4

I have an existing, mature schema to which we need to add some new Product attributes. For example, we have Products.Flavor, and now need to add new attributes such as Weight, Fragrance, etc. Rather than continue to widen the Products table, I am considering a couple of other options. First is a new Attributes table, which will effectively be a property bag for arbitary attributes, and a ProductsAttributes table to store the mappings (and values) for a particular product's attributes. This is the Entity-Attribute-Value (EAV) pattern, as I've come to understand it. The other option is to add a new column to the Products table called Attributes, which is of type XML. Here, we can arbitrarily add attributes to any product instance without adding new tables.
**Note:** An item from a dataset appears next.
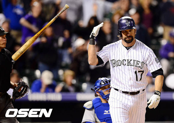 1일 오전(이하 한국시간) 미국 콜로라도주 덴버 쿠어스 필드에서 열린 콜로라도 로키스와 LA 다저스의 경기 9회초 1사 2루 헬튼이 투런포를 치고 1루로 향하고 있다.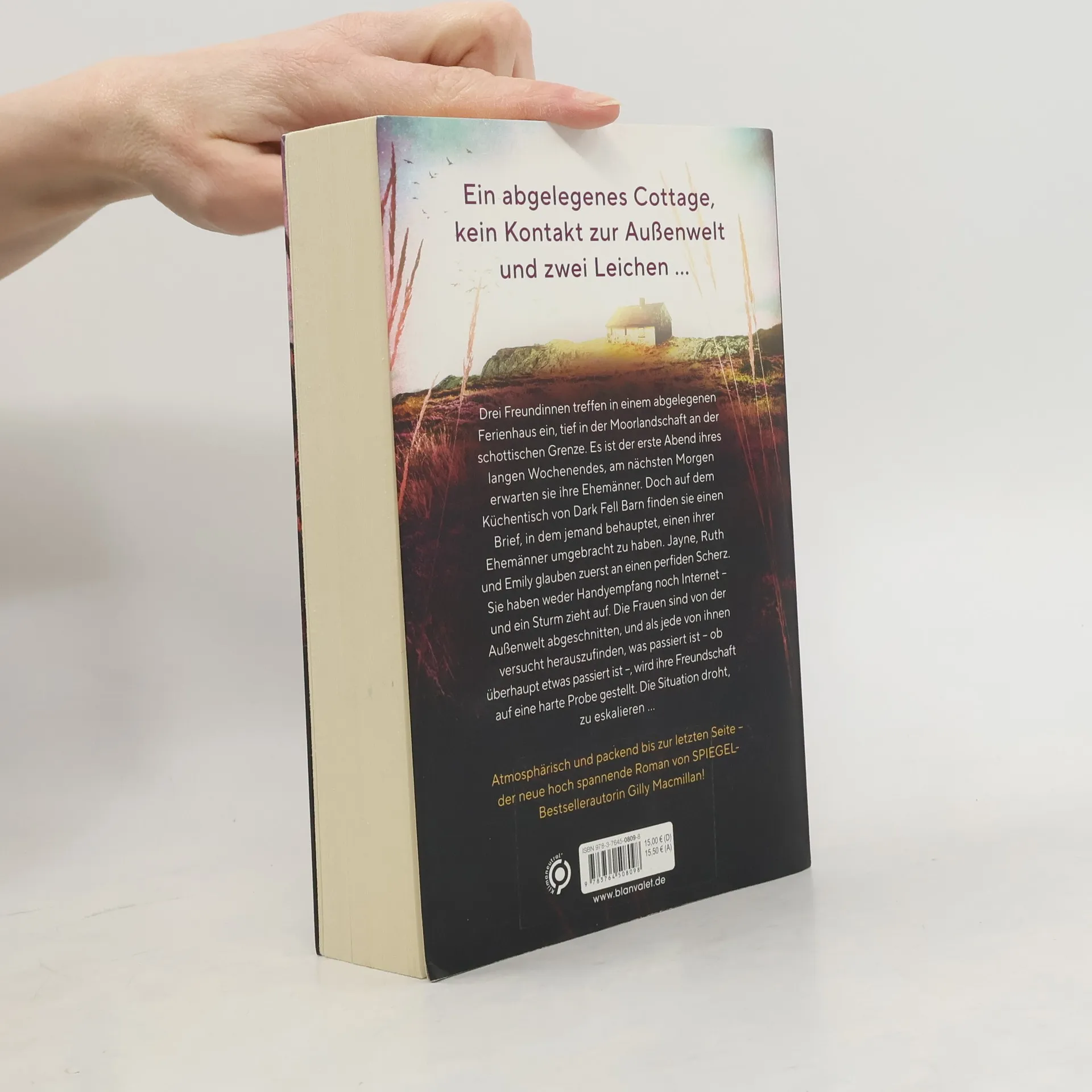 »Wenn ihr das hier lest, habe ich bereits einen eurer Ehemänner getötet.« Der neue packende Roman von SPIEGEL-Bestsellerautorin Gilly Macmillan. Drei Frauen treffen in einem abgelegenen Ferienhaus ein, tief in der Moorlandschaft von Northumbria an der schottischen Grenze. Es ist der erste Abend ihres langen Wochenendes, am nächsten Morgen erwarten sie ihre Ehemänner. Doch auf dem Küchentisch von Dark Fell Barn finden sie einen Brief, in dem jemand behauptet, einen ihrer Ehemänner umgebracht zu haben. Die drei Frauen glauben zuerst an einen perfiden Scherz. Doch sie haben keinen Handyempfang. Es gibt kein Internet – und ein Sturm zieht auf. Die Frauen sind von der Außenwelt abgeschnitten, und als jede von ihnen versucht herauszufinden, was passiert ist – ob überhaupt etwas passiert ist – werden ihre Freundschaften auf eine harte Probe gestellt. Die Situation droht, zu eskalieren ... Packend, perfide, atmosphärisch: Lesen Sie auch »Die Nanny« und »Die Vertraute«.

What are the pros/cons to each approach? I'm using SQL Server 2008 and ASP.NET 4.0.

Chris Pitman
  • 12,990
  • 3
  • 41
  • 56
Mark Richman
  • 28,948
  • 25
  • 99
  • 159
  • (Bookarking this question now, so I can come back later and upvote all the "you really don't want to do that" answers) – Philip Kelley Mar 21 '11 at 14:25
  • Which of the two options do I really not want to do? ;-) – Mark Richman Mar 21 '11 at 14:26
  • What is the problem with adding new columns to the Product table? Are these attributes only relevant to a subset of products or something? – tster Mar 21 '11 at 14:48
  • 1
    The problem (if you want to call it that) is that the number of new attributes will almost certainly grow over time, and I want to avoid a table with 100 columns a year from now. – Mark Richman Mar 21 '11 at 14:52
  • Could dividing the products into classes and having a separate table for each class of products help to keep the number of columns per table reasonable? I think it is a sort of master-detail approach. – Andriy M Mar 21 '11 at 15:56

1 Answers1

3

This is (imho) one of the classic database design issues. Call it "attribute creep", perhaps, as once you start, there will always be another attribute or property to add. They key decision is, do you store the data within the database using the basic tools provided by the database (tables and columns) to structure and format the data, or do you store the data in some other fashion (XML and name/value pairs being the most common alternates). Simply put, if you store the data in a form other than that supported by the DBMS system, then you lose the power of the DBMS system to manage, maintain, and work with that data. This is not much of a problem if you only need to store it as "blob data" (dump it all in, pump it all out), but once you start have to seek, sort, or filter by this data, it can get very ugly very fast.

With that said, I do have strong opinions on name/value pairs and XML, but alas, none are positive. If you do have to store your data this way, and yes it can be an entirely valid business/design decision, then I would recommend looking long and hard on how the data you need to store in the database will be used and accessed in the future. Weight the pros and cons of each methodology in light of how it will be used, and pick the once that's easiest to manage and maintain. (Don't pick the one that's easiest to implement, you'll be supporting it for a lot longer than you'll be writing it.)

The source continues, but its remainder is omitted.